SML-Assignment 5 Decision Trees, Bagging and Random Forest Solved
❖ Dataset:
The attached dataset is about PM2.5.
Training Data: Two alternate years can be taken as train data.
Testing Data: Two years of data from the remaining three can be taken as test data.
❖ Problem Statement:
You are supposed to perform two tasks for this dataset: Classification and Regression
1. Classification Task: Target Column: “Month”
Evaluation Metric: Accuracy
2. Regression Task: Target Column: “PM2.5”
Evaluation Metrics: MSE
Also, report the mean and standard deviation of the error.
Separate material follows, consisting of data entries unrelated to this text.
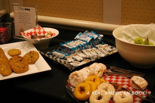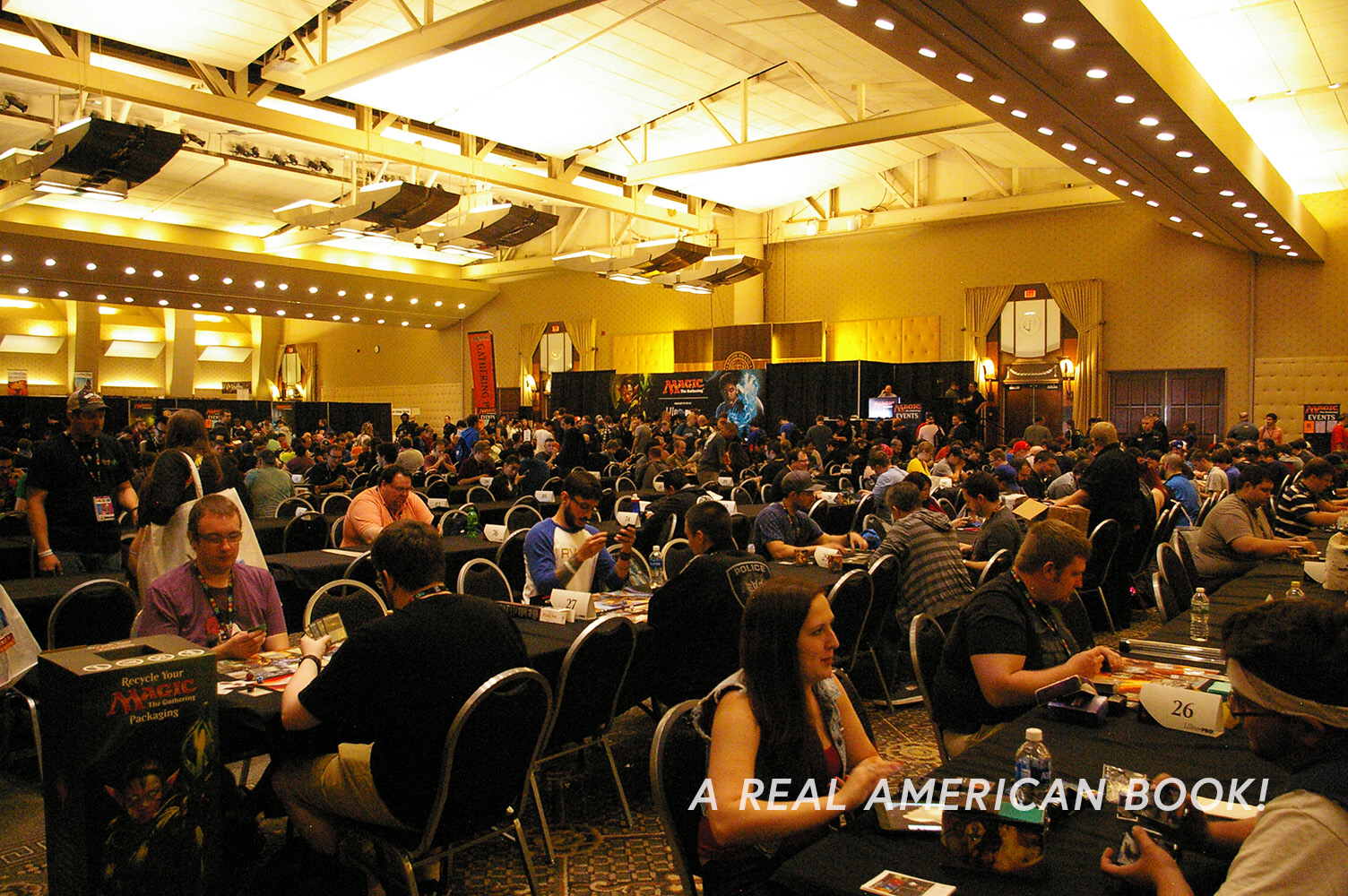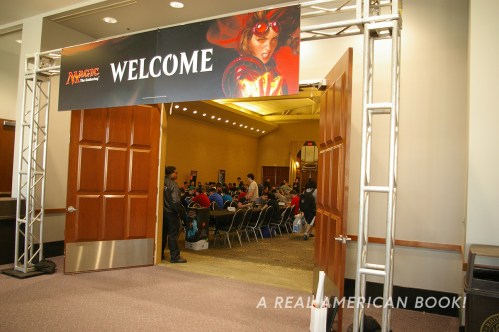 It was almost time for the Joe panels. I bumped into Chris and Kate McLeod and Diana Davis. We quickly checked out the VIP room, where pre-registrants could sit away from the crowds, play games, and eat snacks. Here are people playing Magic:
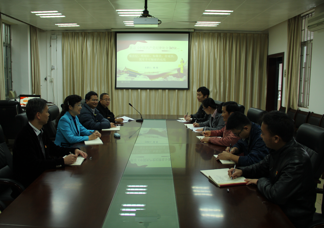 11月15日下午,继续教育学院党总支理论学习中心组组织学习新修订的《中国共产党纪律处分条例》。学习由学院党总支书记黄殿芳主持,学院党总支纪检委员杨胜主讲,学院处级领导及中心组成员均参加学习。
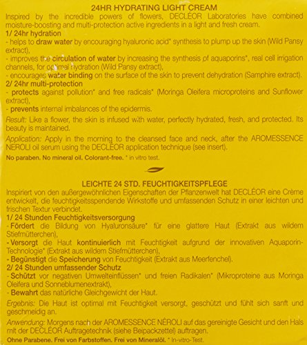 -. Feature : Skin care product from the designer house of Decleor A 24hr moisture activator light cream for women Colorant-free No parabens and no mineral oils 50ml jar
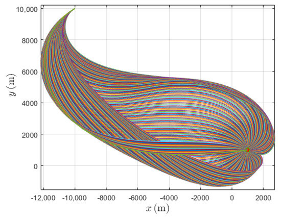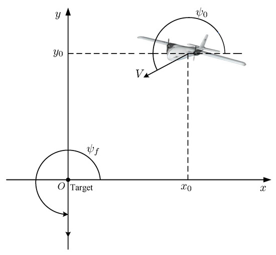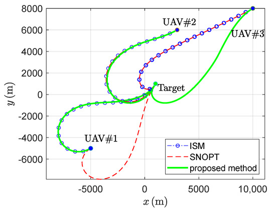 Consider a scenario in which three UAVs are required to be guided to a desired position simultaneously. Without loss of generality, the target is considered to be located at m. Note that the position of the target can be arbitrarily chosen through coordinate translation. For notational simplicity, let us use UAV to denote the ith UAV among the three UAVs, and let be the expected final control for UAV . The values of , , are set as m/s2, 5 m/s2, and 0 m/s2, respectively. All three UAVs are required to reach the common target at s with the final heading angle being . The initial conditions for the three UAVs are summarized in Table 1.
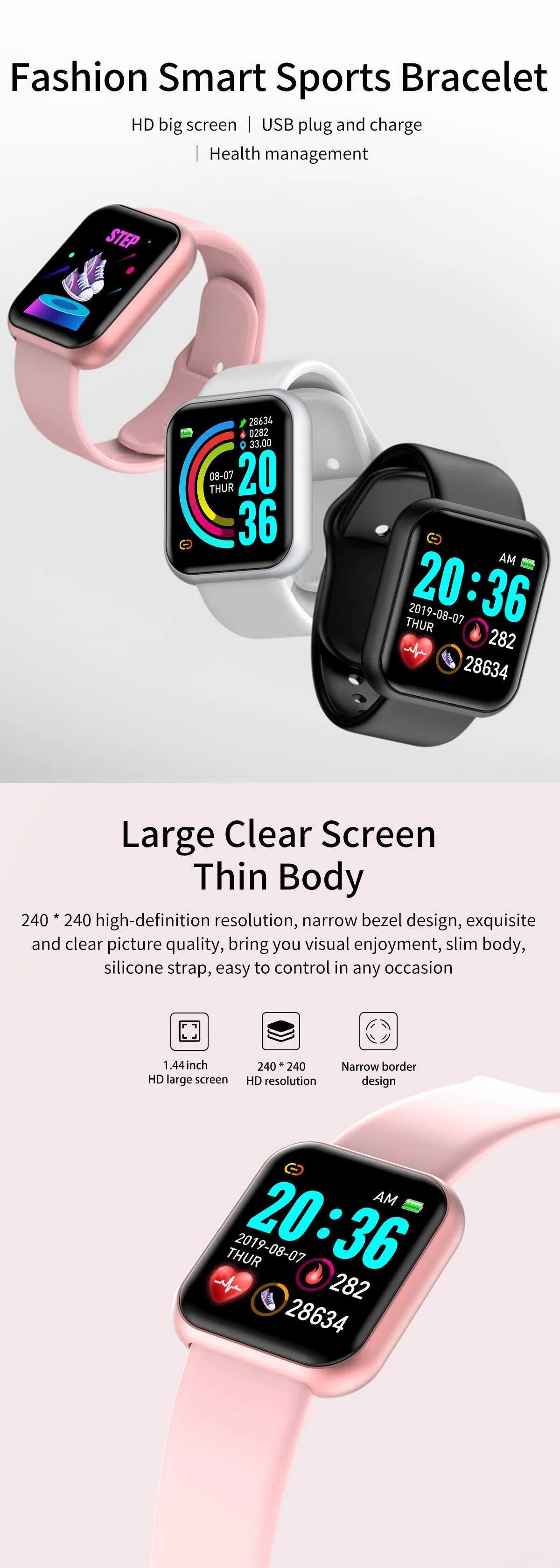 Color: black, white, pink, silver
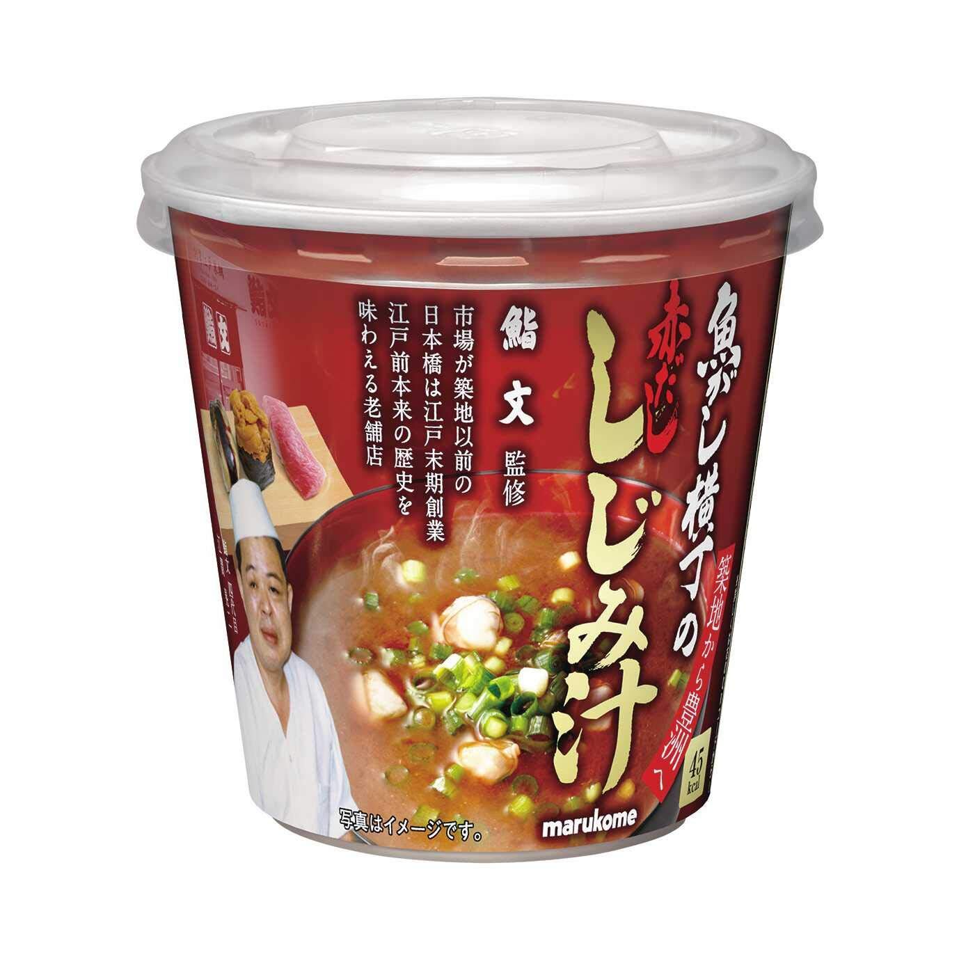 カップ入りの築地魚がし横丁の貝だしみそ汁。築地市場内の人気寿司店「鮨文」監修商品です。

Implement the above problem statement(both for Classification and Regression) from scratch using the following:
i. Decision Trees (DT) - ( You have to analyze yourself as told in class for different depths, width and other parameters of the tree and draw your inferences.)
ii. Bagged Decision Trees
iii. Random Forest
Implement these as taught in the class.
● Gaussian Processes:
In the data provided to you, you will find signal strength in dB vs distance. Assume the “Distance ” to be an independent variable and “Signal Strength” as a target. Compute the mean and variance prediction for signal strength at the following 5 points {Sr. No.: <2,4,6,8,10}. Use GPR to train using the remaining data points {Sr. No.: <1,3,5,7,9,11,12} from the table provided.